The raw data may be downloaded as .csv files, and data dictionaries may be downloaded as .xls files. Replace the files in sourcing_tool/IPEDS_Data/ with the new data.
To upload all of the .csv files in the IPEDS_Data directory to the database, run the csv_import.py file.
Scrape updated U.S. News & World Report rankings using the scrape-rankings.py script. The results save to the rankings.txt file and may be imported into the database table usnwr_rankings. Note that this will attempt to pull the matching IPEDS university ID, but it will make mistakes, so always validate those results.

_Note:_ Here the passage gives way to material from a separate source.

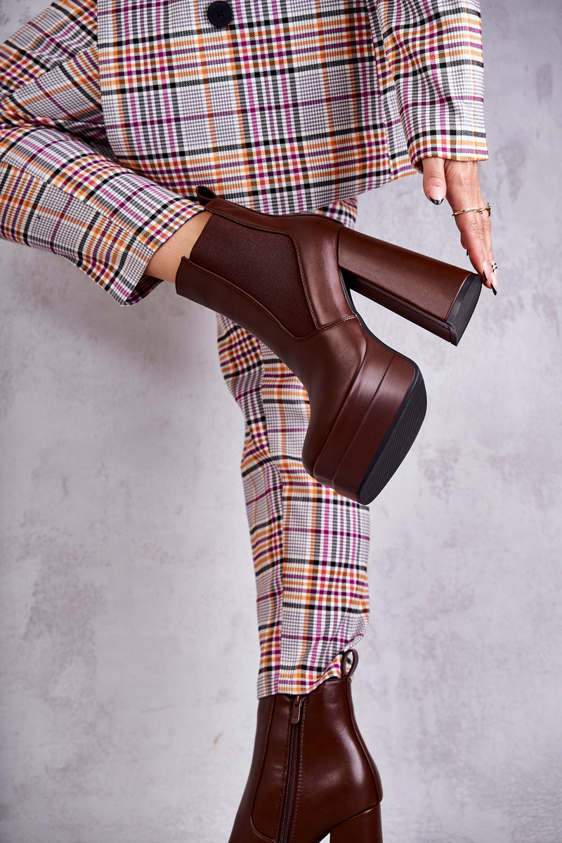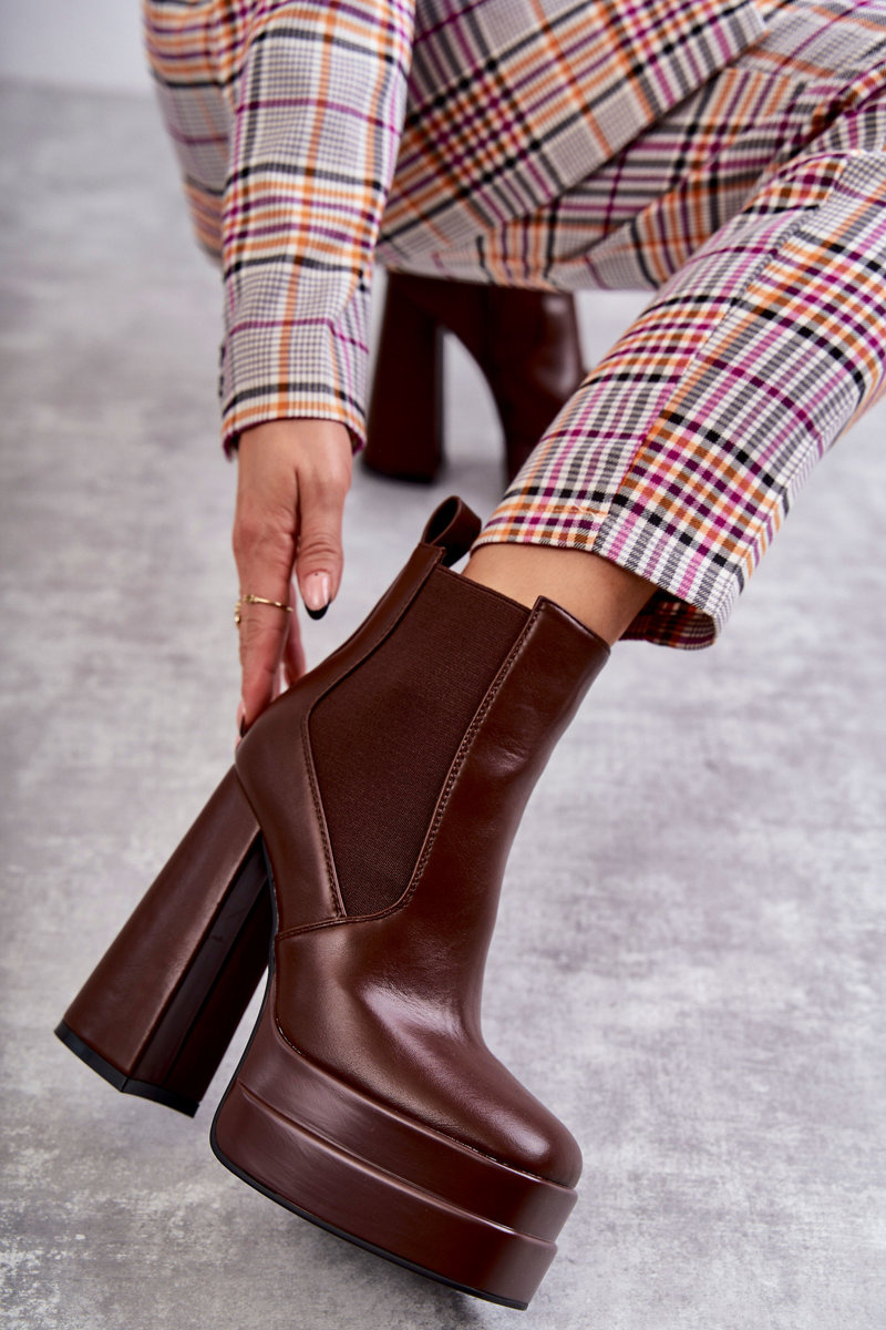 Жіночі шкіряні чоботи на масивному каблуці Brown Jones

USAJobs data was used in conjunction with IPEDS Classification of Instructional Programs (CIP) data to map jobs to majors. The SQL script create_job_cip_mappings.sql converts the raw manual crosswalk table into the tables needed for the Sourcing Tool.
The USAJobs data is in the sourcing_tool directory and is available at:
https://www.usajobs.gov/Content/pdfs/Jobs_By_College_Major.pdf
This project is built with the Python web framework Django. If the structure of the tables in the database changes, those changes must be reflected in the models.py files.
To automatically generate a basic models.py file of all tables in the
database, use the python manage.py inspectdb
command. To automatically read
in human-readable column names for the IPEDS tables, run the
datadicts.py file.
The sourcing_tool directory is the central project directory, which includes project-level settings in the settings.py file, as well as the raw data and scripts. See the section above for more details about the data sources.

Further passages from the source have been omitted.